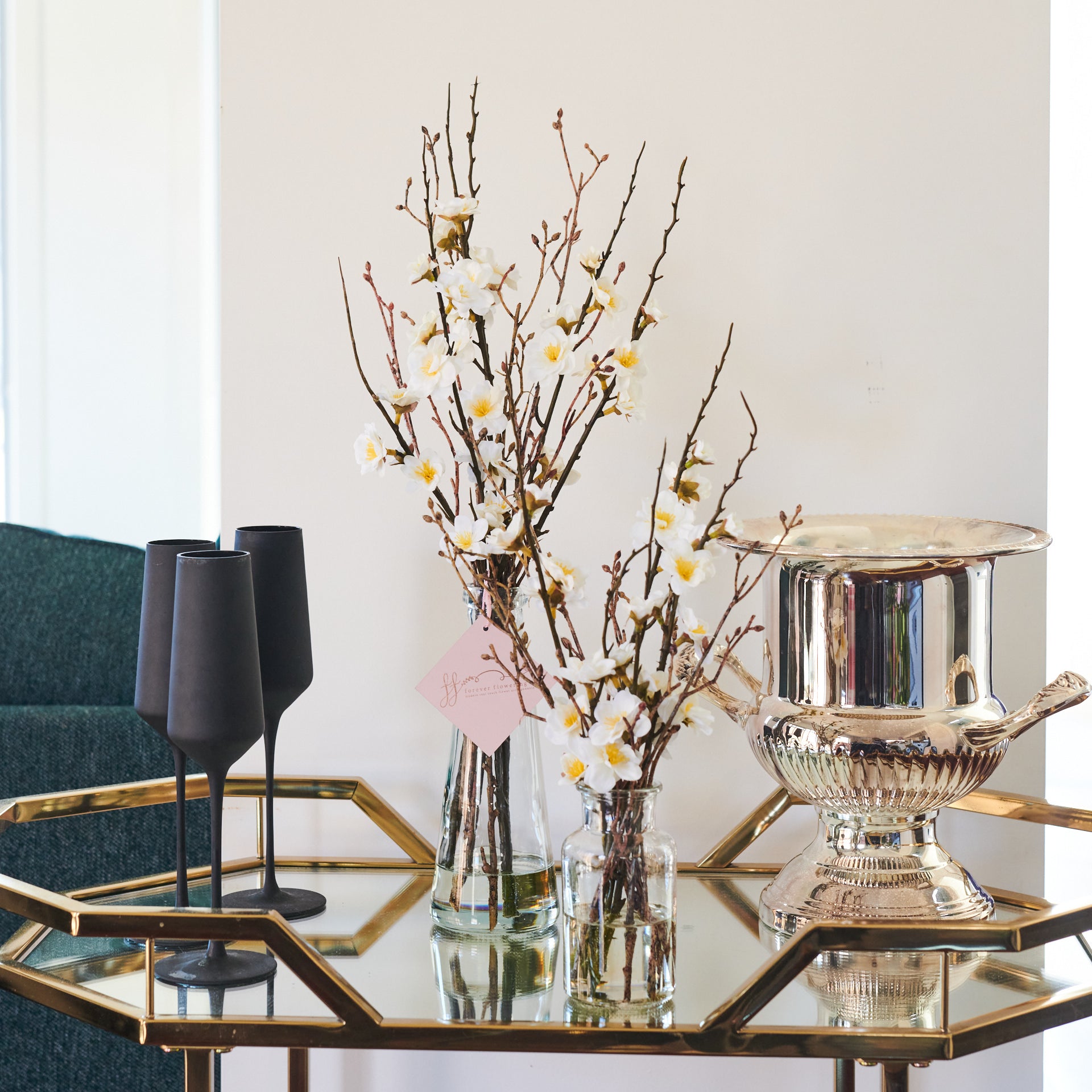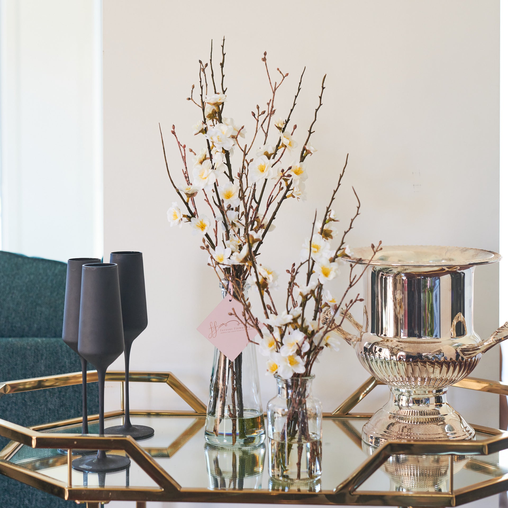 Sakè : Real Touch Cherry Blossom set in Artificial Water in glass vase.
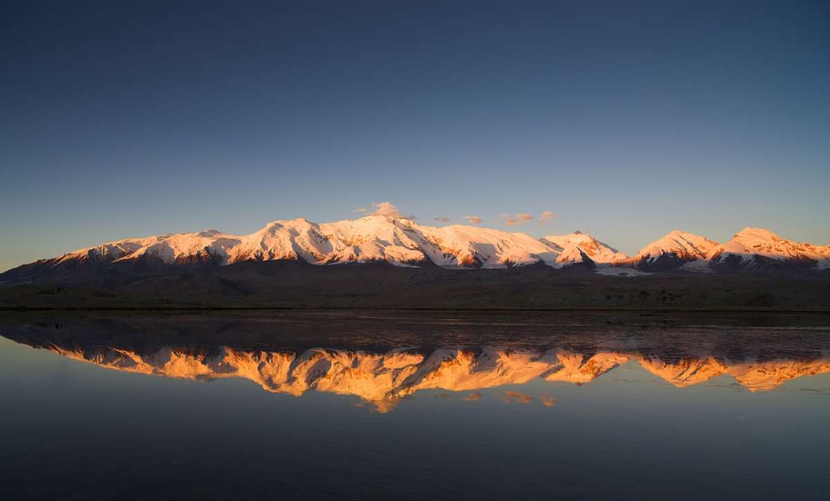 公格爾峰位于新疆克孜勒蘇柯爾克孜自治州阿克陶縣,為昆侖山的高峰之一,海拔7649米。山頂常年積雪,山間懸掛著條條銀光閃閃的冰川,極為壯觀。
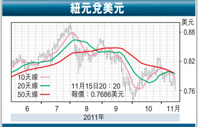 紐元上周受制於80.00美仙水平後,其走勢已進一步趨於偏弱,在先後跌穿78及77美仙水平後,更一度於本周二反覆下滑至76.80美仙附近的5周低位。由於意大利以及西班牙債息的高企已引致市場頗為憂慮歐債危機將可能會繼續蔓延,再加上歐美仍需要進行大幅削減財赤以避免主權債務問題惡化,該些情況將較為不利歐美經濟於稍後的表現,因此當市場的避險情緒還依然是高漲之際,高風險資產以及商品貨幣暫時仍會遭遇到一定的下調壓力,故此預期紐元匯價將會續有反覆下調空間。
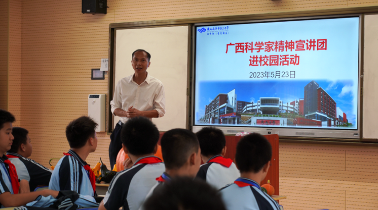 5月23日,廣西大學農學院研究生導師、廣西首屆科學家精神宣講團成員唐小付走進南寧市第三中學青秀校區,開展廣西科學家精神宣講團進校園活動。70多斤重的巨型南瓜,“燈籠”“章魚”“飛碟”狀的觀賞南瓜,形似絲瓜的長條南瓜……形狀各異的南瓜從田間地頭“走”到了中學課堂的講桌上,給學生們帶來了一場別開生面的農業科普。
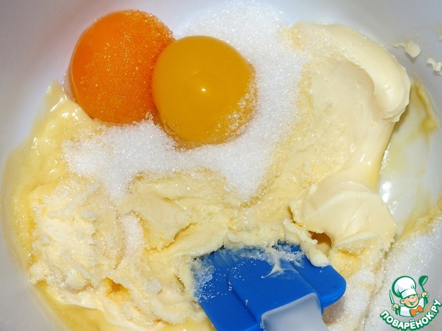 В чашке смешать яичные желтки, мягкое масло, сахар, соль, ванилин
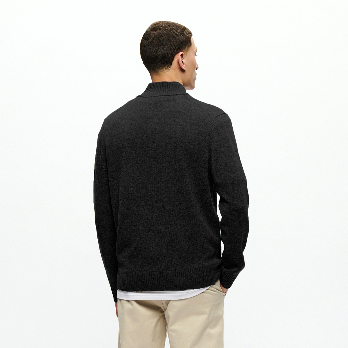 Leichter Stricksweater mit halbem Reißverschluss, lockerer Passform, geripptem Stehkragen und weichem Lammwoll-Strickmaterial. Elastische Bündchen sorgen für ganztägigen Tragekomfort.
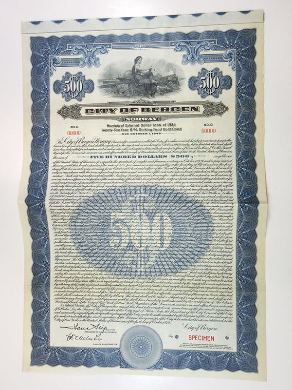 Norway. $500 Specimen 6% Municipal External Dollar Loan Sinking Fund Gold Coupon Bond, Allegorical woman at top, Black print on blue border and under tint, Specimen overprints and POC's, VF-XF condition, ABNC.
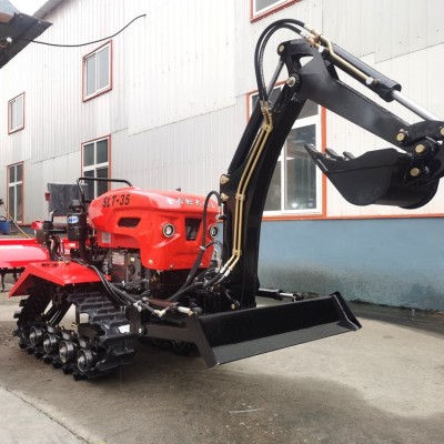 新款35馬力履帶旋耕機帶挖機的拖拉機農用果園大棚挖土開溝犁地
---
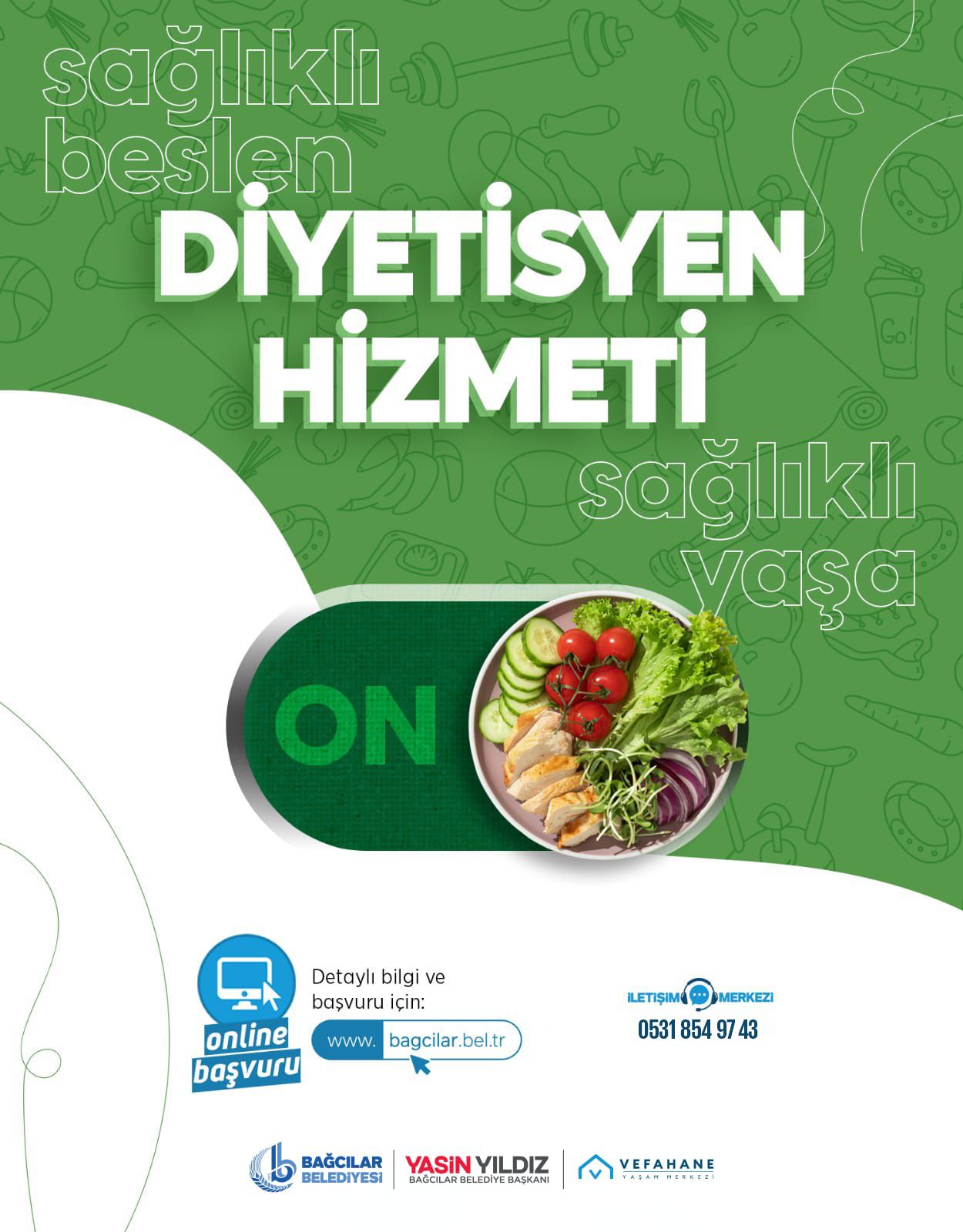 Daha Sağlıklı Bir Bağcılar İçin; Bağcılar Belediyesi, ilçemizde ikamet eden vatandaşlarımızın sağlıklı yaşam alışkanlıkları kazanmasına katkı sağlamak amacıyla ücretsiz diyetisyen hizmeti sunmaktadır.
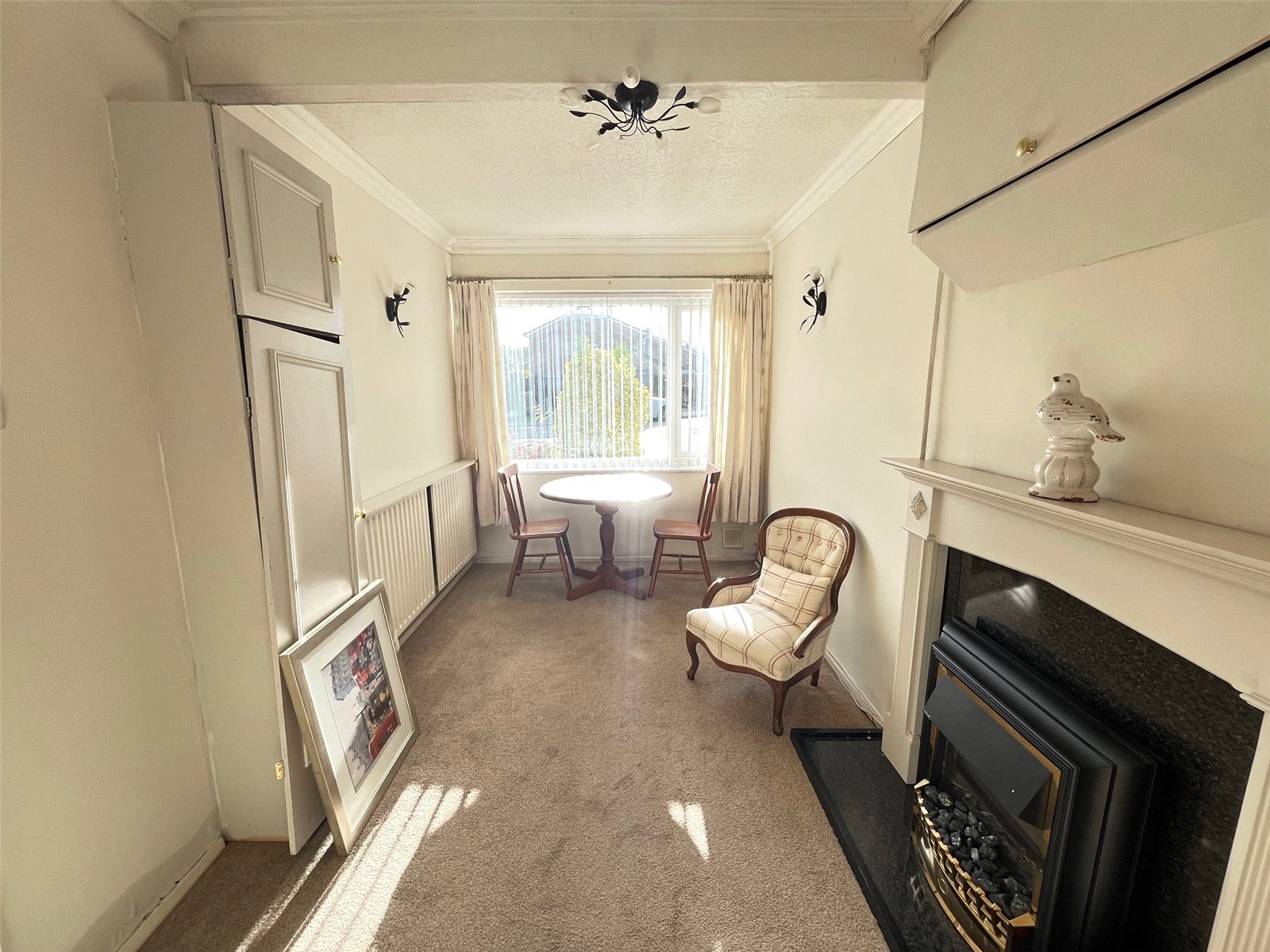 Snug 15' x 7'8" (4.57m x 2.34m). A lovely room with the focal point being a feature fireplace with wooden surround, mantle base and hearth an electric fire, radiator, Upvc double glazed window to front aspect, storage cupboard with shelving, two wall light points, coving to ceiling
---
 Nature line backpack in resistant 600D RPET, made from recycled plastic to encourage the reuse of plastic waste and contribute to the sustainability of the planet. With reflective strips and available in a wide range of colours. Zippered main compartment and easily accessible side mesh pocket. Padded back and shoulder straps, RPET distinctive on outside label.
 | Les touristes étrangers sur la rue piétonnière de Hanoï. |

**Problem**
Produce an exact reproduction of the listing above, limited to the lines starting at the line with "Sakè : Real" and ending at the line with "紐元上周受制於80.00美仙", both kept, with every picture left out.

**Exercise answer**
 Sakè : Real Touch Cherry Blossom set in Artificial Water in glass vase.
 公格爾峰位于新疆克孜勒蘇柯爾克孜自治州阿克陶縣,為昆侖山的高峰之一,海拔7649米。山頂常年積雪,山間懸掛著條條銀光閃閃的冰川,極為壯觀。
 紐元上周受制於80.00美仙水平後,其走勢已進一步趨於偏弱,在先後跌穿78及77美仙水平後,更一度於本周二反覆下滑至76.80美仙附近的5周低位。由於意大利以及西班牙債息的高企已引致市場頗為憂慮歐債危機將可能會繼續蔓延,再加上歐美仍需要進行大幅削減財赤以避免主權債務問題惡化,該些情況將較為不利歐美經濟於稍後的表現,因此當市場的避險情緒還依然是高漲之際,高風險資產以及商品貨幣暫時仍會遭遇到一定的下調壓力,故此預期紐元匯價將會續有反覆下調空間。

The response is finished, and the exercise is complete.